We are delighted to open a new section in the magazine (which adds four pages to each issue): “Learning With Our Elders.” It consists in asking an activist whose path has been a bit longer than most about a moment of their political trajectory where they learned something crucial from a mistake or failure (be it individual or collective) . To begin this series of intergenerational transmission, we are honored to publish the words of Fusako Shigenobu—see the April 2022 text her daughter, May Shigenobu, had written for us about her mother, one month before she was able to leave the Japanese prison where she was forced to spent almost 22 years. She generously shares with us a determining moment of 1975, a few months after having split from the Popular Front for the Liberation of Palestine (PFLP) and formed the Japanese Red Army.

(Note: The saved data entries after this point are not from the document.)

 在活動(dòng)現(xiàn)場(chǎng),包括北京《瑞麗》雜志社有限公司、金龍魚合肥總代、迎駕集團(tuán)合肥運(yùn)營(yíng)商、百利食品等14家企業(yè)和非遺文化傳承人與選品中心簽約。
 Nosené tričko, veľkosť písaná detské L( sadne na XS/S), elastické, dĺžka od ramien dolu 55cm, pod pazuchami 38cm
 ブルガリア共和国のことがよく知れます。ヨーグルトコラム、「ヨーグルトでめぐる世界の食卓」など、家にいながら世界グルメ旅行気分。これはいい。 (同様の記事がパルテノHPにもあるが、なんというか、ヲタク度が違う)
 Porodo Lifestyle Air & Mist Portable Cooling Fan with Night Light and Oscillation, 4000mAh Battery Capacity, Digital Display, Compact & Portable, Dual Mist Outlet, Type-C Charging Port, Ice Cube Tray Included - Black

Fusako Shigenobu Funambulist
Photograph of Fusako Shigenobu in front of the Kyoto University student center (Yoshida Kodo). The three stars symbolize the three Japanese militants who sacrificed their lives for the Palestinian struggle of liberation.

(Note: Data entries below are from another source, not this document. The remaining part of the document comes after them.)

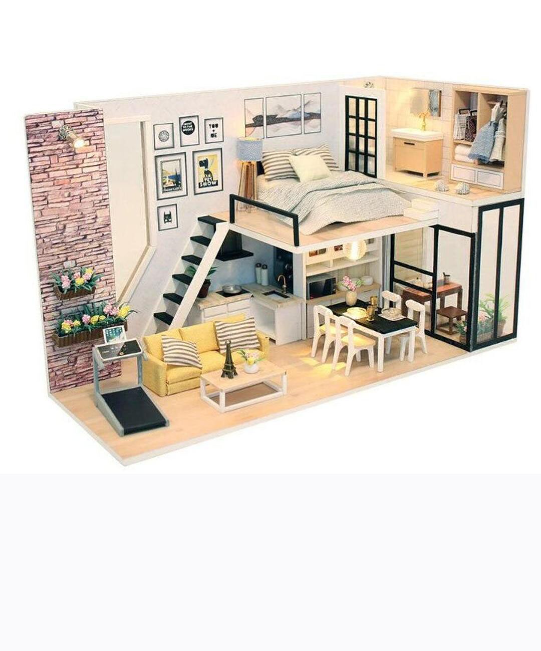 Интерьерный конструктор «Студия в стиле модерн» с подсветкой - это набор для создания удивительно детализированного кукольного интерьера в миниатюре. В студии есть светлая спальня, крошечный санузел, гардеробная, просторная гостиная с диванчиком и беговой дорожкой, уютная обеденная зона с современной бытовой техникой и стильной посудой и даже небольшая лаунж-зона. В наборе, состоящем из 236 элементов, вы найдёте все необходимое для творчества. Сборка мельчайших деталей уютного интерьера поможет развить усидчивость и аккуратность. Завершающим штрихом моделирования станет проводка светодиодной подсветки. Все наборы серии выполнены из качественных материалов и имеют красивую подарочную упаковку.
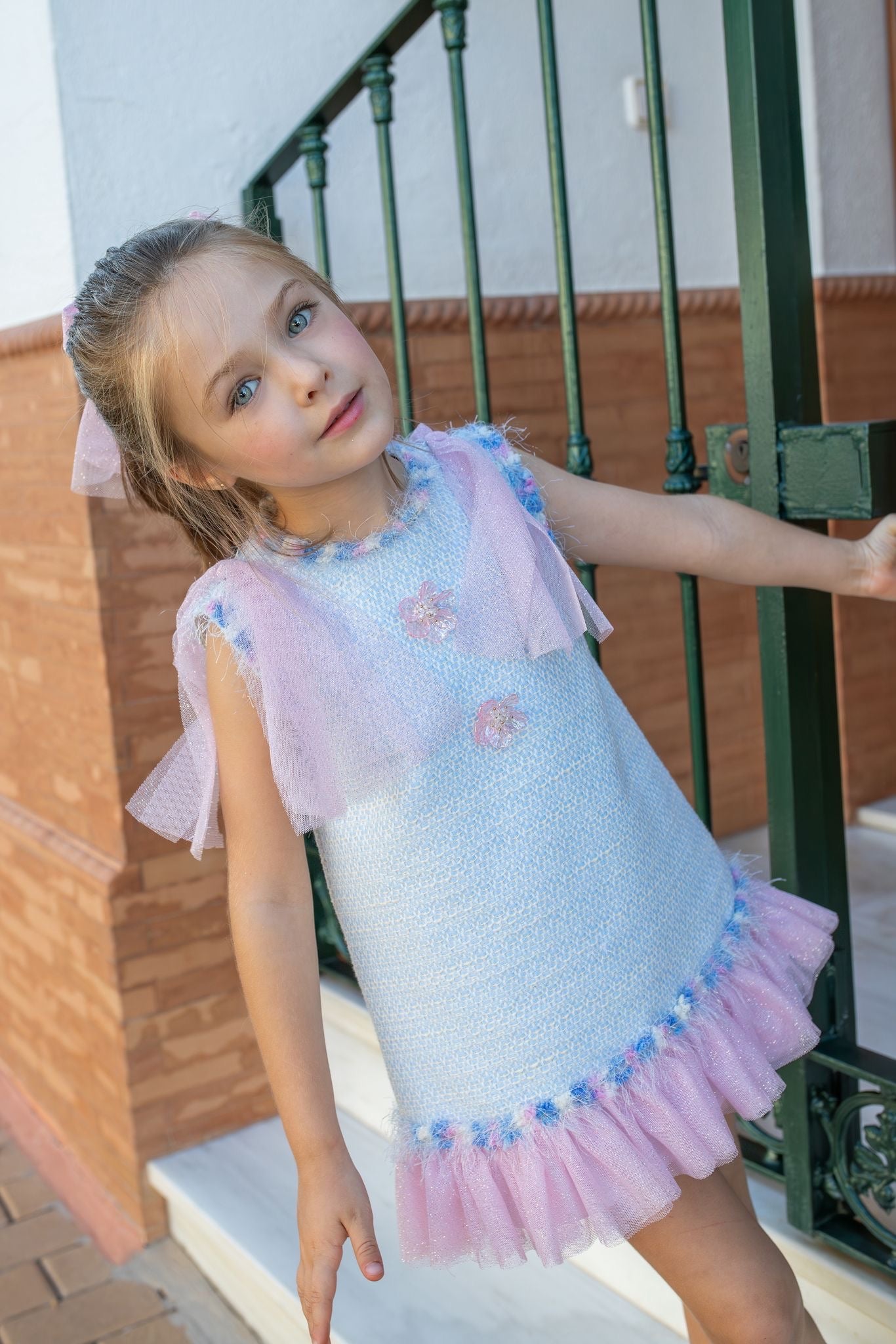 The Naxos Blue & Pink Tulle Tweed Dress is the perfect blend of traditional European charm and playful elegance. Designed in a soft pastel blue textured fabric, this beautiful dress features delicate pink tulle flutter sleeves and a matching layered tulle frill hem for added movement and volume.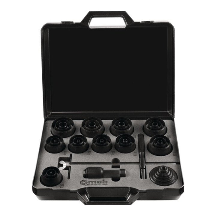 in Kunststoffkoffer mit Stahlhalter, Zentrierer sowie gehärteten Stahl-Innen- und -Außenstempeln · Dichtringe werden zentrisch gestanzt

I want to offer a moment from my past, one that fundamentally changed how I think about struggle, solidarity, and what it means to lead. It was a turning point, born not from victory, but from failure.

It was 1975, and we were fighting alongside the Palestinian liberation movement. At that time, two of our comrades were arrested in Sweden and deported back to Japan. We had only recently formed the Japanese Red Army in December 1974, having split from the PFLP to begin our own independent operations in the Arab world. This was our first mission as a new unit, independently from the PFLP. We were full of determination, committed like the fighters in the Lydd airport operation, ready to sacrifice ourselves with unwavering conviction. We believed we were strong. So when we heard, through the newspapers, that those two comrades had begun to confess to the Japanese police, we were stunned. At first, none of us could believe it. It felt unthinkable. But the reports kept coming. Slowly, it began to sink in. And with that realization came confusion, disappointment, and deep unrest. What shook us even more was the pattern. Japanese comrades arrested in Europe had confessed before. But those of us who had come from Arab soil had remained silent under interrogation.

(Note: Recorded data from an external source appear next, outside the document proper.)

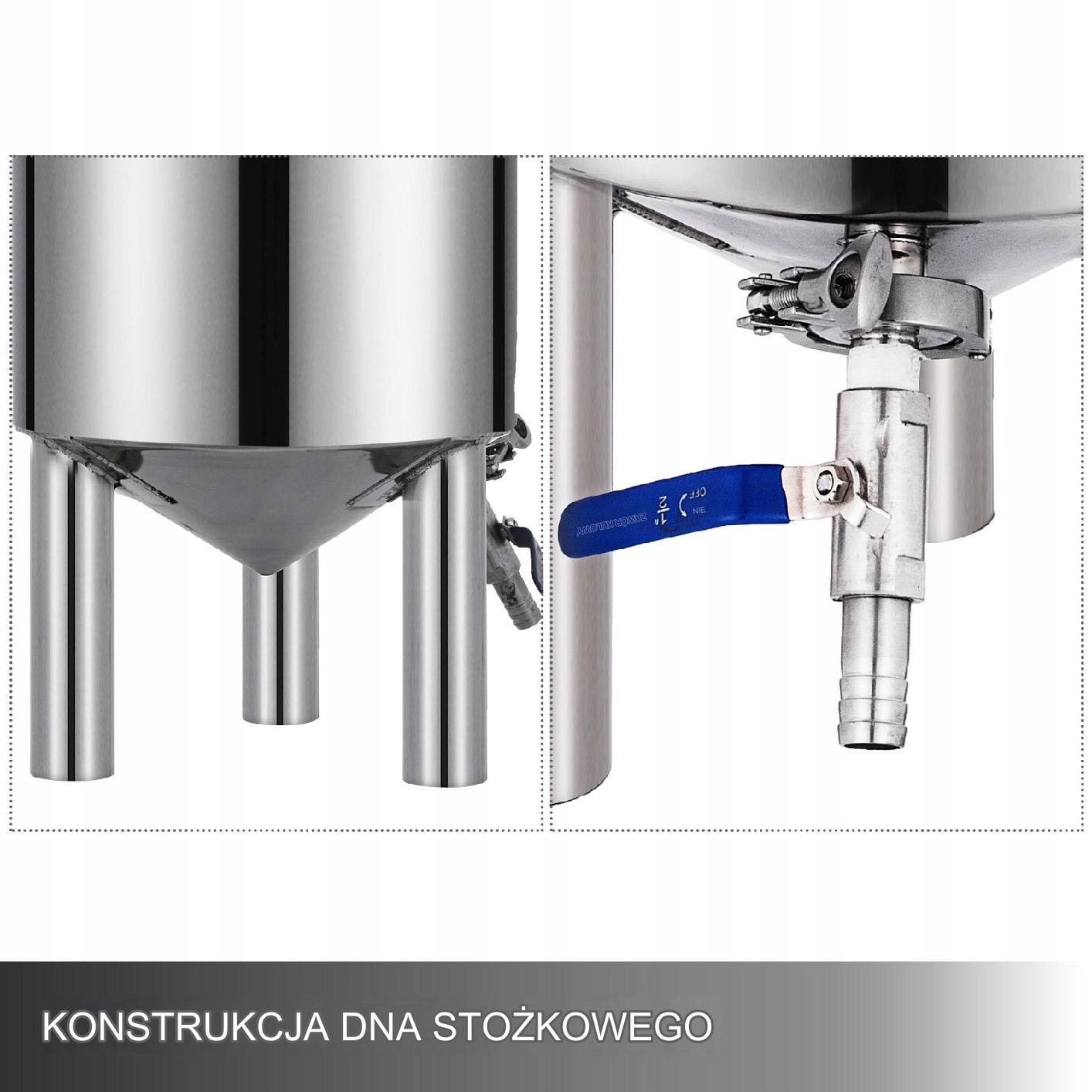 Конічна форма ємності сприяє ефективному осіданню дріжджів, що покращує якість напоїв. Це дозволяє легко видалити осад і забезпечує кращу циркуляцію рідин.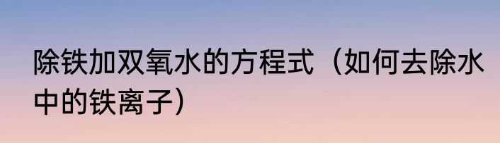 除铁加双氧水的方程式(如何去除水中的铁离子)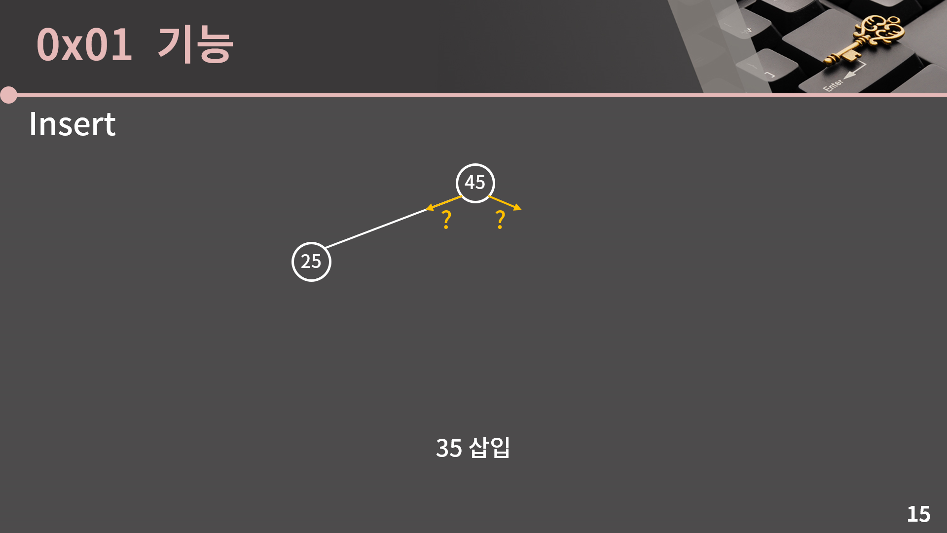 다음으로 25를 삽입할건데 25는 45를 기준으로 왼쪽에 있을까요? 오른쪽에 있을까요?
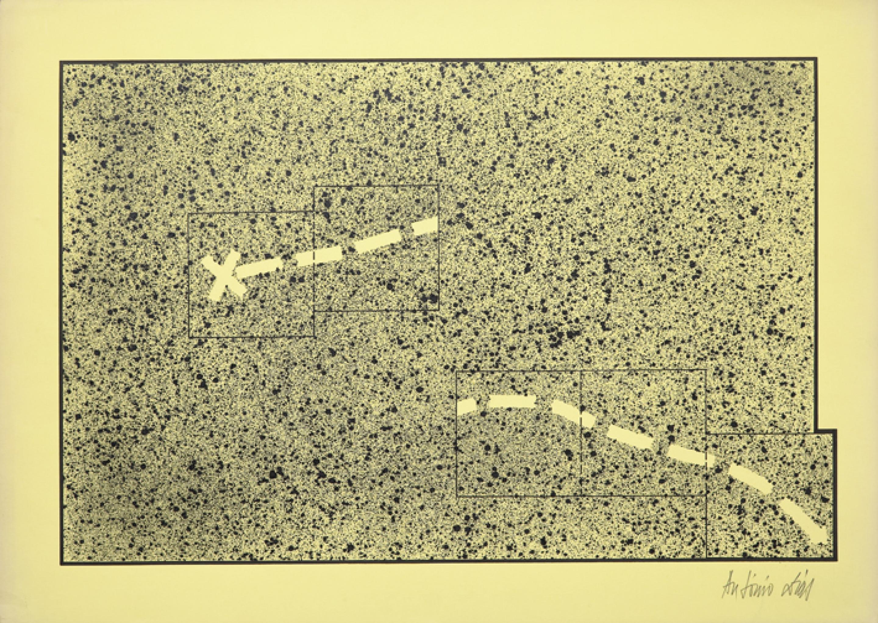 Colpito dal bisogno che ognuno di noi ha di vedere immagini diverse da quelle proposte, Dias decide dunque di studiare la dinamica mentale che fa scattare in chi guarda il meccanismo delle analogie visive. Ecco allora che, dopo aver dipinto con la vernice bianca un’infinità di puntini su fondo nero, si mette a tracciare un itinerario, collegando alcuni di essi con una riga bianca.

We had taken pride in that. We thought: “We are stronger. More resolved.” And now, that illusion was crumbling.

Some among us reacted with anger, condemning the two who had confessed. Others, especially those who had led the operation, fell into guilt and silence, blaming themselves. I had been away during this introspection, and when I returned, I saw the group in disarray, frozen, unable to act. The organization I had helped build was paralyzed. That shocked me even more than the confessions themselves.

Strangely, because I had been absent, I wasn’t the target of criticism this time. And that distance gave me clarity. I saw that our problem ran deeper than individual failures. The organization we thought we had built—one based on unity and resolve—wasn’t real. It fell apart under pressure. And that wasn’t just on those two comrades. It was on all of us. It was on me.

I didn’t know how to fix it. But I knew I had to try. So I picked up a fresh notebook and started writing; raw, unfiltered. Then I passed it around to the others.

I wrote: “Maybe I can see this clearly because no one’s blaming me this time. But the truth is, we, who believed we were strong, fell apart when it mattered most. We’re scattered, not united. Can we really say the two who confessed are solely responsible? The organization we’ve built isn’t holding. And that’s my responsibility. Are we actually as strong as we believed? Or were we hiding behind the example of the Lod fighters, using their courage to cover up our own insecurities? Have we, shaped by Japan’s exam-driven culture, failed to see each other as comrades, competing instead of uniting? Our real battle should be with our own conscience, not with each other. Especially in moments like this. Let’s stop pretending. Let’s be honest: could any of us say, with certainty, that we wouldn’t have confessed under the same pressure? What kind of organization do we really want to build? Let’s reflect, and begin again, from this exact moment.”

People responded. They wrote in the notebook. They opened up. And through their words, we began to see each other anew. Some who always seemed strong were, in truth, struggling inside. Others, who’d seemed quiet or unsure, had been steady all along. That notebook became more than a collection of reflections, it became a mirror. For the first time in a long time, we really looked at ourselves.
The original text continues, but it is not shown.